Сидя перед нетронутой кружкой пива, Клод, разбитый физически, говорил и спорил с необыкновенным оживлением, охваченный все возраставшим лихорадочным возбуждением. После каждой выставки молодые люди обыкновенно собирались за кружкой пива, но в этом году либеральная мера императора вскружила им головы и они сыпали новыми, смелыми теориями, высказывали самые крайние мнения, опьяненные несбыточными надеждами й безграничной любовью к искусству, которая горела в их молодых сердцах.

– Ну, что же в том, что публика смеется! – кричал Клод. – Нужно воспитать ее… Все-таки эта выставка – торжество нашей школы!.. Уберите сотни две безобразных картин и наш Салон затмит официальный. На нашей стороне правда и смелость, будущее принадлежит нам… Да, да, они увидят со временем, что мы убьем их Салон. Мы войдем туда победителями, завоюем его нашими произведениями… Смейся же пока, смейся, глупый Париж, пока мы не заставим тебя пасть ниц перед нами!

И Клод указывал пророческим жестом на главную аллею, на которой сияла в лучах солнца роскошь и радость Парижа, на ту часть площади Конкордии, которая виднелась за деревьями с своими фонтанами, частью балюстрады и двумя статуями: статуей Руана с ее гигантскими сосцами и статуей Лилля, выставлявшей вперед свою огромную босую ногу.

– Plein air!

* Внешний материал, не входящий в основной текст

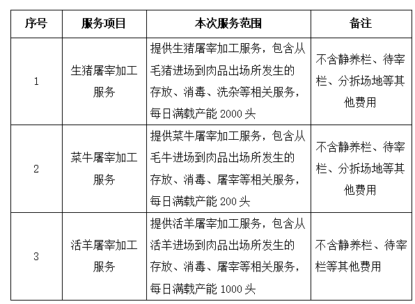 项目二:菜牛屠宰加工服务合作期限为5年。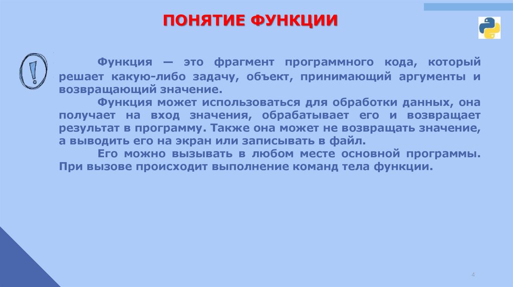 ПОНЯТИЕ ФУНКЦИИФункция — это фрагмент программного кода, который

Их забавляет это название! – продолжал Клод. – И прекрасно, пусть оно останется за повой школой. Вчера ее еще не было, название это известно было лишь в тесном кругу художников. Сегодня они подхватили это слово и сами создали новую школу… Прекрасно! Приветствую эту новую школу!

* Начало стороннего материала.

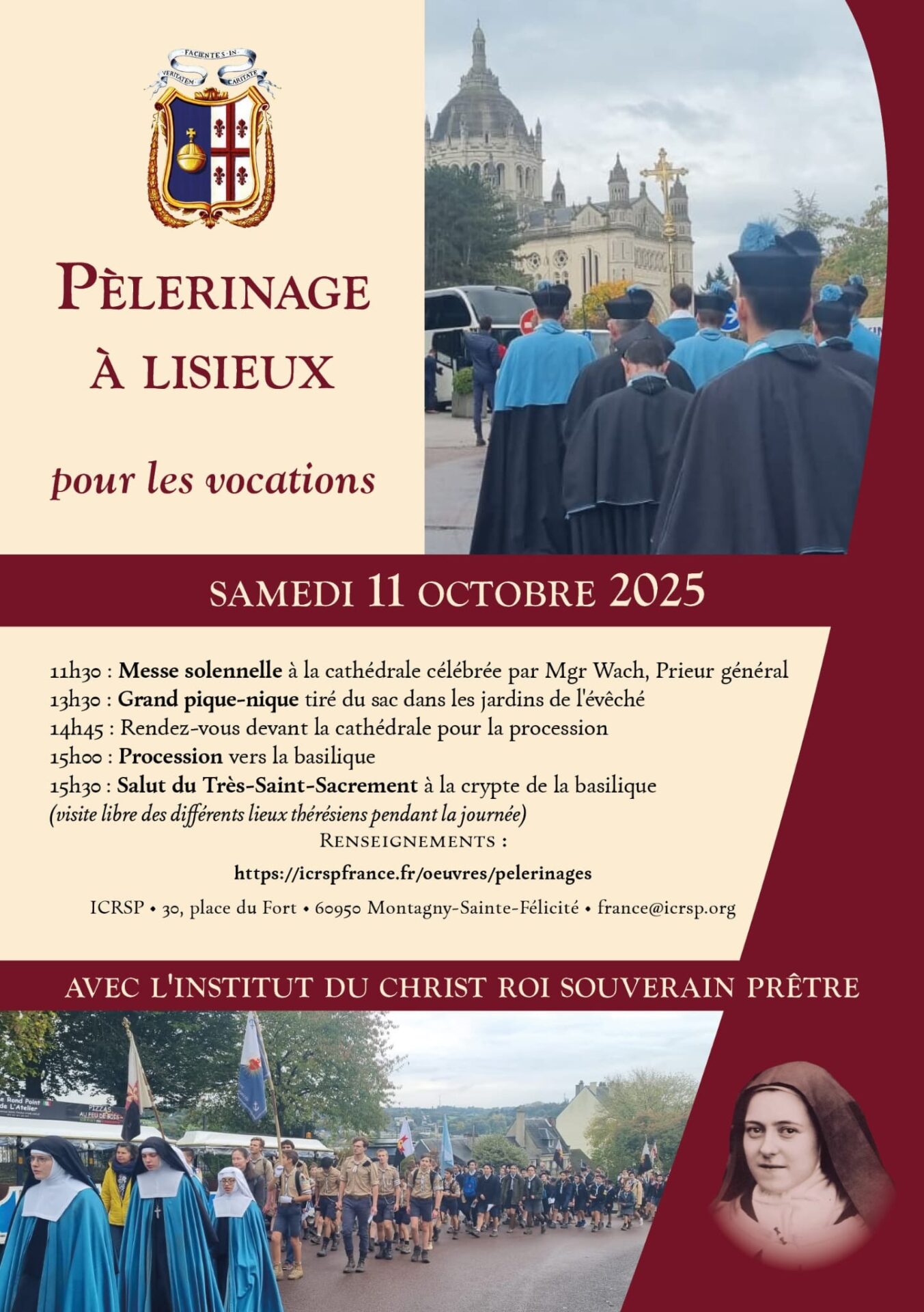 Accueil » Nos archives » Pèlerinage de l’Institut du Christ Roi pour les vocations à Lisieux le 11 octobre En Une Pèlerinage de l’Institut du Christ Roi pour les vocations à Lisieux le 11 octobre L’Institut du Christ Roi organise un Pèlerinage pour les vocations à Lisieux le samedi 11 octobre : ICRSP Pèlerinage Article précédentMesse de requiem à Saint-Roch pour le cardinal Vingt-Trois ce mardi 16 septembre Article suivantCe cardinal qui fait la fierté de la Corse 16 septembre 2025

– Вот видишь, я был прав! – воскликнул Жори, хлопая себя по бедрам. – Л был уверен, что подействую своими статьями на этих идиотов. Насолили же мы им порядком!

 

Торжествовал и Магудо, возвращаясь постоянно к своей сборщице и восхваляя ее особенности Шэну, который один слушал его. Ганьер с непреклонной суровостью робких, мягких людей в области теории предлагал гильотинировать всех членов академии. Опьяненные общим возбуждением Сандоз и Дюбюш волновались, стучали кулаками по столу, проглатывали частичку Парижа с каждым глотком пива. Только на лице Фажероля играла спокойная улыбка. Он последовал за товарищами, находя особенное удовольствие в том, что подстрекал их к выходкам, которые делали их смешными. И в то время, как он поддерживал охвативший их революционный дух, он в душе принимал твердое решение добиться во что бы то ни стало римской премии. Этот день окончательно решил его судьбу, и он не хотел компрометировать свою будущность, идя рука об руку с этими безумцами.

Солнце склонялось уже на горизонте. Из Булонского леса тянулись бесконечными рядами экипажи, с выставки уходили, образуя длинный хвост, последние посетители; художественные критики шли с каталогами в руках.

– А помните ли Куражо, первого пейзажиста? – воскликнул вдруг Ганьер. – Видели вы его «Mare de Gagny» в Люксембурге?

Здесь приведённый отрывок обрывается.